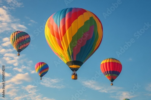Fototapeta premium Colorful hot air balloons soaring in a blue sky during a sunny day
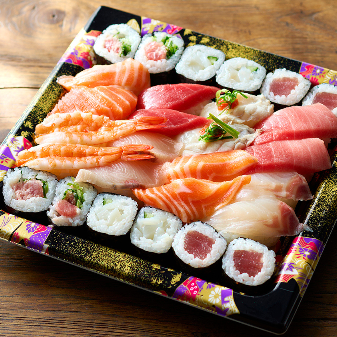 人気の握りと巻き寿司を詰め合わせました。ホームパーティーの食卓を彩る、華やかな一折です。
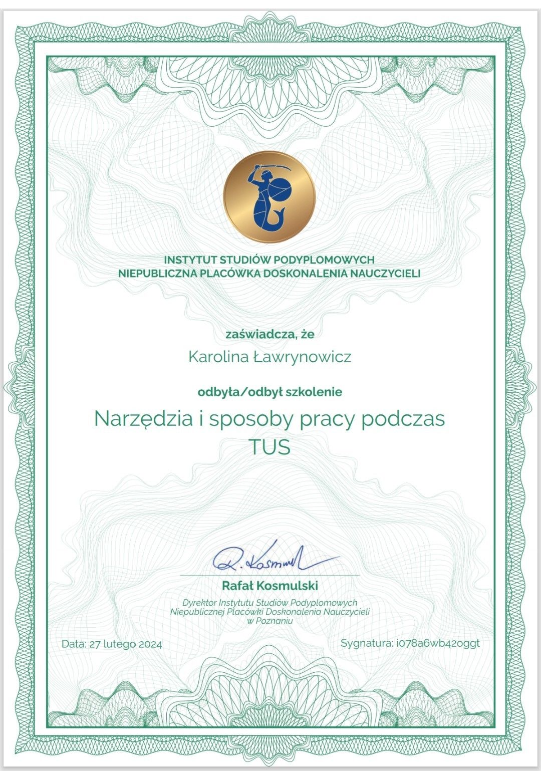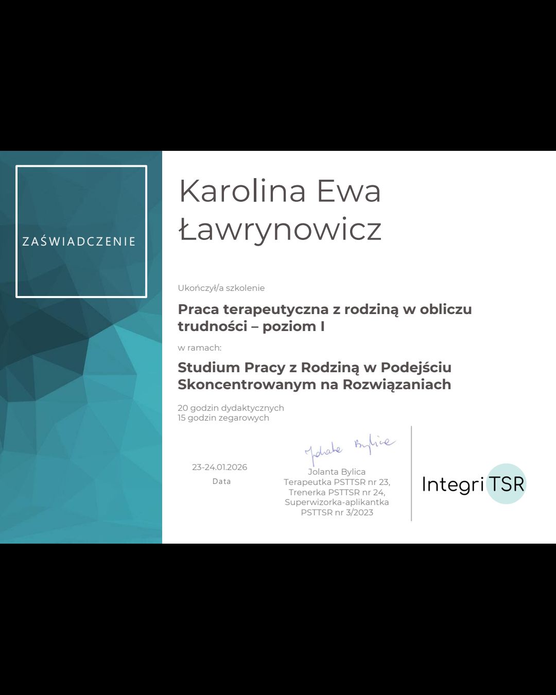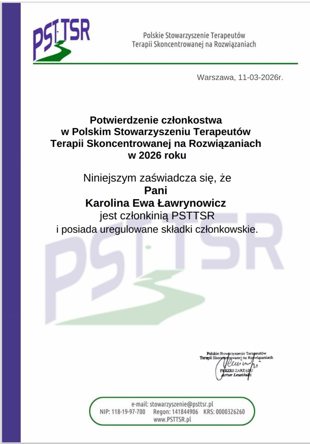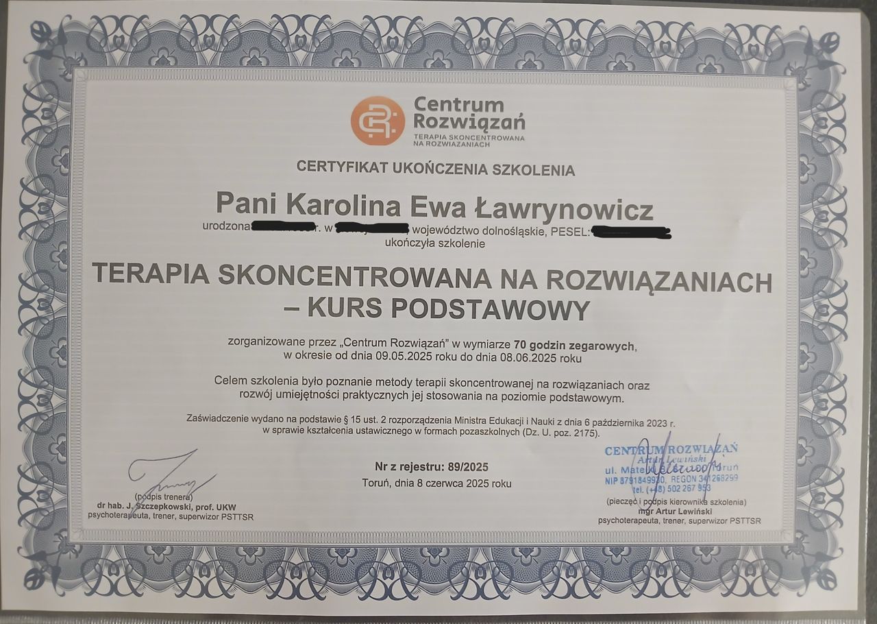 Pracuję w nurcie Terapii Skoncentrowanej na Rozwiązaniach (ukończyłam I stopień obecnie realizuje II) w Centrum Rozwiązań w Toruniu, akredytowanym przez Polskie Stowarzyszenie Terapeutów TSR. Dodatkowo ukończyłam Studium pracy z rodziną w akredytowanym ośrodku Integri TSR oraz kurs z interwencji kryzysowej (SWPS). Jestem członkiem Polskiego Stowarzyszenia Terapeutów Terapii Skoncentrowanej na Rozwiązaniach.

————

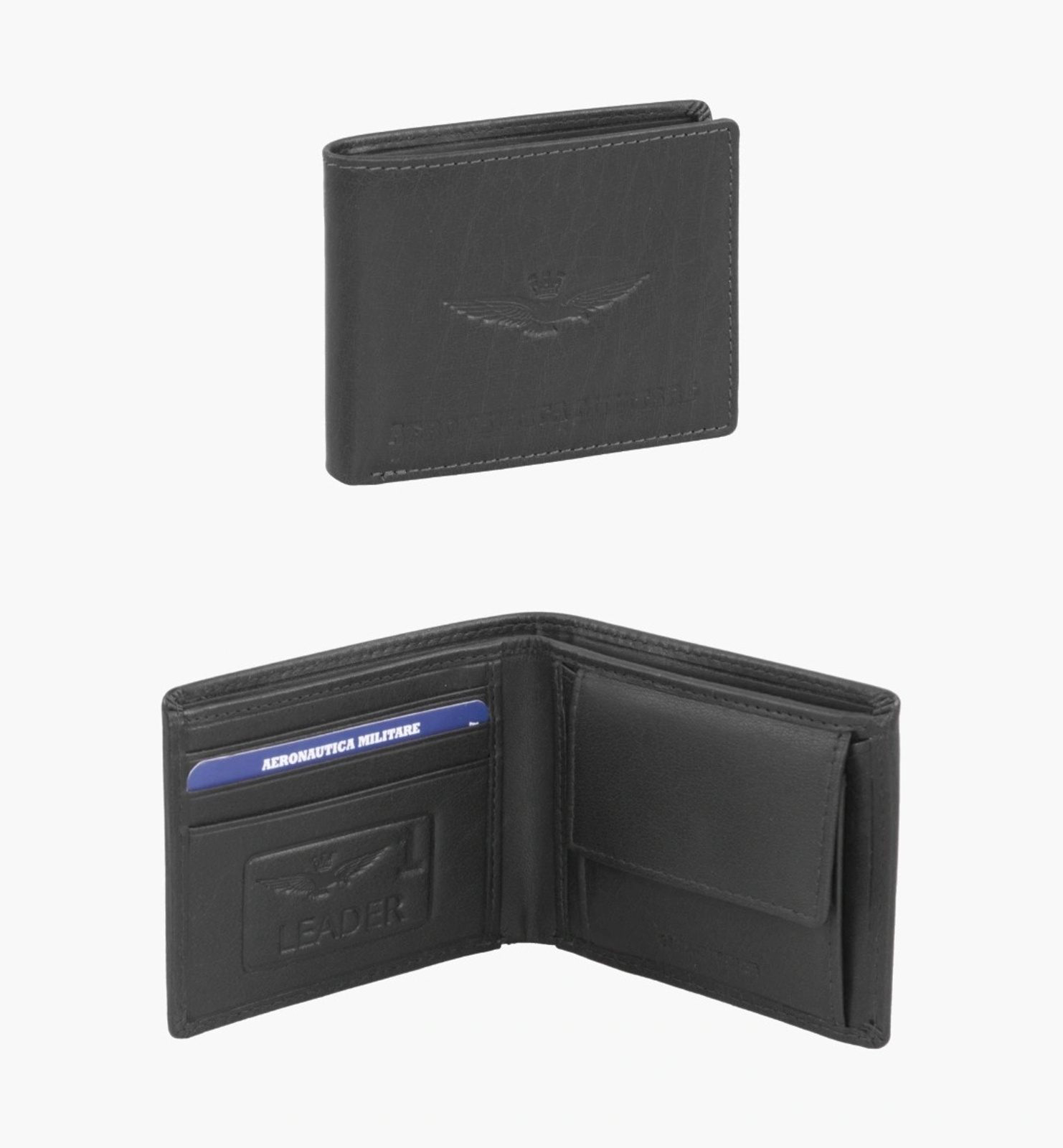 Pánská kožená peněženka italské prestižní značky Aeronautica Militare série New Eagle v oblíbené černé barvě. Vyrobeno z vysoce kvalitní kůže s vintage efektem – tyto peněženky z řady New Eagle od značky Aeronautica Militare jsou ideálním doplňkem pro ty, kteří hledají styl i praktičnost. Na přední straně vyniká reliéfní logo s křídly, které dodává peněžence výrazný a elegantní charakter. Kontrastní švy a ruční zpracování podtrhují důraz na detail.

————

» Exercise aim
Working from the records above, set down word for word everything from the line containing "Fototapeta premium Colorful" down to the line containing "Pracuję w nurcie", ends included, minus the pictures.

» Exercise result
Fototapeta premium Colorful hot air balloons soaring in a blue sky during a sunny day
 人気の握りと巻き寿司を詰め合わせました。ホームパーティーの食卓を彩る、華やかな一折です。
 Pracuję w nurcie Terapii Skoncentrowanej na Rozwiązaniach (ukończyłam I stopień obecnie realizuje II) w Centrum Rozwiązań w Toruniu, akredytowanym przez Polskie Stowarzyszenie Terapeutów TSR. Dodatkowo ukończyłam Studium pracy z rodziną w akredytowanym ośrodku Integri TSR oraz kurs z interwencji kryzysowej (SWPS). Jestem członkiem Polskiego Stowarzyszenia Terapeutów Terapii Skoncentrowanej na Rozwiązaniach.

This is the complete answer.